* **TASK DIRECTIONS**:
Everything in the listing should be copied exactly, save for the pictures.

* **SOURCE MATERIAL**:
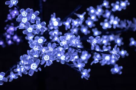 Luminous garland decorative flowers on a tree
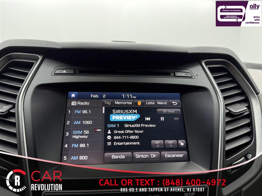 CAR REVOLUTION is pleased to be currently offering this 2017 Hyundai Santa Fe Sport 2.4L with 62,015mi. The Hyundai Santa Fe Sport 2.4L offers a fair amount of utility thanks to its advanced features and unique styling. It's also quite sporty, and injects an ample amount of handling chutzpah into the ridin'-high body of a family-friendly SUV. Hit the gas pedal and put the engine power to all four wheels. With AWD, you'll have the greater performance right off the line, every time you drive. It's not a misprint. And the odometer isn't broken. This is a very low mileage Hyundai Santa Fe Sport. A rare find these days. More information about the 2017 Hyundai Santa Fe Sport: Starting at just under $25,000, the Santa Fe Sport competes with other small SUVs such as the Ford Escape and Toyota RAV4. Meanwhile, the long-wheelbase Santa Fe is more competitive with mid-sized SUVs such as the Toyota Highlander, Honda Pilot and Nissan Pathfinder, and with its standard 290-horsepower V6, it offers more power than all of them. The Santa Fe Sport, on the other hand, features a standard 6-speed automatic, and at 71.5 cubic feet of rear cargo space, it bests competition such as the Toyota Venza and Ford Edge. With strong styling and a long list of available features, the Santa Fe and Santa Fe Sport are appealing options. This model sets itself apart with two-or three-row seating, available all-wheel-drive, fuel efficient, Spacious, great warranty, and powerful Car Revolution has been in business since 1998 with 2 locations and over 300 cars. A family owned business, focused and determined to extend hospitality to all our clients. We make every effort to present information that is accurate. However, it is based on data provided by the vehicle manufacturer and other sources. Therefore exact Configuration, Color, Certification and Accessories should be used as a guide only and are not guaranteed under any circumstances, for any inaccuracies, claims of losses of any nature. All advertised prices includes all cost to be paid by the consumer, except: Title, Taxes, Registration, License Fees, Insurance, Dealer Prep, Additional Options and include all applicable rebates. Subject to Credit Approval. Every effort is made in order to display accurate and current vehicle information, including Pricing. All vehicles are subjected to prior sale, removal and transport elsewhere, awaiting Title and Ownership Confirmation. Inventory is updated daily and subject to change. Not responsible for typographical errors or omissions. To better insure the specific vehicle's availability, call us right away at 732-527-0477 and feel free to ask any questions. EMG-WB
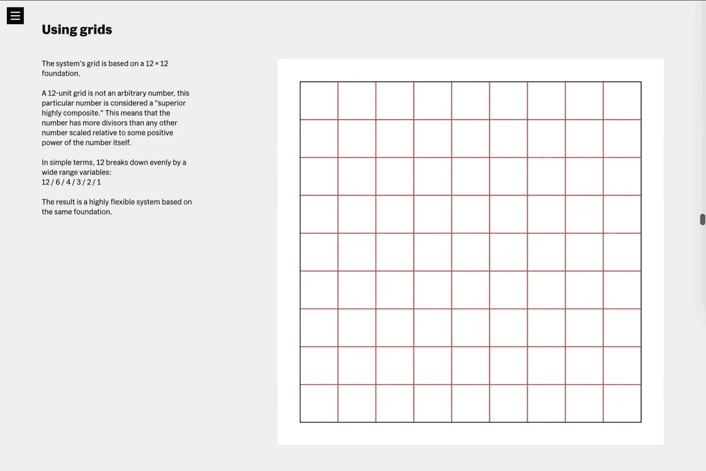 MoMA의 그리드 시스템은 기본적으로 12x12 그리드를 사용하고 있습니다. 때에 따라 12 / 6 / 4 / 3 / 2 / 1 로 나누어져 사용할 수 있습니다. 인상적인 부분은 가이드만 제시하는 것이 아니라, 그리드를 사용해서 어플리케이션을 제작하는 방법을 단계별로 나누어 자세하게 소개하고 있습니다. 이러한 부분은 브랜드에 대한 유지나 관리에 있어서도 참고하기 좋은 가이드일 것 같습니다.
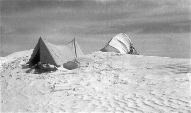 Obwohl der Hualcan relativ einfach zu besteigen war, erwies er sich in anderer Hinsicht als unglückliche Wahl. Aufgrund seiner Lage innerhalb der Bergkette und zu den umliegenden Tälern zog er beständig eine Wolkendecke, heftige Gewitter und tosende Stürme an. Unter diesen furchteinflößenden Umständen und allein waren die Tage für Pallas quälend lang, und zu häufig verhinderte das Wetter jegliche Forschungsarbeiten. An einigen Tagen blieb dem einsamen Bergsteiger-Forscher nichts anderes übrig, als in seinem Zelt auszuharren. Seine einzige Begleitung waren attraktive, glänzende und – in einigen Augen – übergewichtige Instrumente, die sich ohne Entschuldigung in der engen Behausung breitmachten und ihm kaum Platz für seinen Schlafsack ließen. Andererseits dienten sie als sichere Verankerung für das Zelt, wenn Winde mit Sturmstärke drohten, ihn vom Berg zu blasen. In den schlimmsten Momenten der Gewitter verzog sich Pallas in eine Schneehöhle, die er gegraben hatte, da er befürchtete, das Zelt und sein Inhalt würden Blitze anziehen. Ein ums andere Mal riss der Himmel auf und erlaubte ihm, die Monotonie zu unterbrechen und den nahen Südgipfel des Hualcan zu besteigen, von wo aus er die spektakulären Berge der Umgebung bewundern konnte. „Da saß ich zufrieden und glücklich vor dem Zelt und freute mich der Schönheit [sic] dieser Hochgebirgslandschaft und der weiten Welt. Stundenlang konnte ich so sitzen …“83

* **SOLUTION FOR THIS TASK**:
 Luminous garland decorative flowers on a tree
 CAR REVOLUTION is pleased to be currently offering this 2017 Hyundai Santa Fe Sport 2.4L with 62,015mi. The Hyundai Santa Fe Sport 2.4L offers a fair amount of utility thanks to its advanced features and unique styling. It's also quite sporty, and injects an ample amount of handling chutzpah into the ridin'-high body of a family-friendly SUV. Hit the gas pedal and put the engine power to all four wheels. With AWD, you'll have the greater performance right off the line, every time you drive. It's not a misprint. And the odometer isn't broken. This is a very low mileage Hyundai Santa Fe Sport. A rare find these days. More information about the 2017 Hyundai Santa Fe Sport: Starting at just under $25,000, the Santa Fe Sport competes with other small SUVs such as the Ford Escape and Toyota RAV4. Meanwhile, the long-wheelbase Santa Fe is more competitive with mid-sized SUVs such as the Toyota Highlander, Honda Pilot and Nissan Pathfinder, and with its standard 290-horsepower V6, it offers more power than all of them. The Santa Fe Sport, on the other hand, features a standard 6-speed automatic, and at 71.5 cubic feet of rear cargo space, it bests competition such as the Toyota Venza and Ford Edge. With strong styling and a long list of available features, the Santa Fe and Santa Fe Sport are appealing options. This model sets itself apart with two-or three-row seating, available all-wheel-drive, fuel efficient, Spacious, great warranty, and powerful Car Revolution has been in business since 1998 with 2 locations and over 300 cars. A family owned business, focused and determined to extend hospitality to all our clients. We make every effort to present information that is accurate. However, it is based on data provided by the vehicle manufacturer and other sources. Therefore exact Configuration, Color, Certification and Accessories should be used as a guide only and are not guaranteed under any circumstances, for any inaccuracies, claims of losses of any nature. All advertised prices includes all cost to be paid by the consumer, except: Title, Taxes, Registration, License Fees, Insurance, Dealer Prep, Additional Options and include all applicable rebates. Subject to Credit Approval. Every effort is made in order to display accurate and current vehicle information, including Pricing. All vehicles are subjected to prior sale, removal and transport elsewhere, awaiting Title and Ownership Confirmation. Inventory is updated daily and subject to change. Not responsible for typographical errors or omissions. To better insure the specific vehicle's availability, call us right away at 732-527-0477 and feel free to ask any questions. EMG-WB
 MoMA의 그리드 시스템은 기본적으로 12x12 그리드를 사용하고 있습니다. 때에 따라 12 / 6 / 4 / 3 / 2 / 1 로 나누어져 사용할 수 있습니다. 인상적인 부분은 가이드만 제시하는 것이 아니라, 그리드를 사용해서 어플리케이션을 제작하는 방법을 단계별로 나누어 자세하게 소개하고 있습니다. 이러한 부분은 브랜드에 대한 유지나 관리에 있어서도 참고하기 좋은 가이드일 것 같습니다.
 Obwohl der Hualcan relativ einfach zu besteigen war, erwies er sich in anderer Hinsicht als unglückliche Wahl. Aufgrund seiner Lage innerhalb der Bergkette und zu den umliegenden Tälern zog er beständig eine Wolkendecke, heftige Gewitter und tosende Stürme an. Unter diesen furchteinflößenden Umständen und allein waren die Tage für Pallas quälend lang, und zu häufig verhinderte das Wetter jegliche Forschungsarbeiten. An einigen Tagen blieb dem einsamen Bergsteiger-Forscher nichts anderes übrig, als in seinem Zelt auszuharren. Seine einzige Begleitung waren attraktive, glänzende und – in einigen Augen – übergewichtige Instrumente, die sich ohne Entschuldigung in der engen Behausung breitmachten und ihm kaum Platz für seinen Schlafsack ließen. Andererseits dienten sie als sichere Verankerung für das Zelt, wenn Winde mit Sturmstärke drohten, ihn vom Berg zu blasen. In den schlimmsten Momenten der Gewitter verzog sich Pallas in eine Schneehöhle, die er gegraben hatte, da er befürchtete, das Zelt und sein Inhalt würden Blitze anziehen. Ein ums andere Mal riss der Himmel auf und erlaubte ihm, die Monotonie zu unterbrechen und den nahen Südgipfel des Hualcan zu besteigen, von wo aus er die spektakulären Berge der Umgebung bewundern konnte. „Da saß ich zufrieden und glücklich vor dem Zelt und freute mich der Schönheit [sic] dieser Hochgebirgslandschaft und der weiten Welt. Stundenlang konnte ich so sitzen …“83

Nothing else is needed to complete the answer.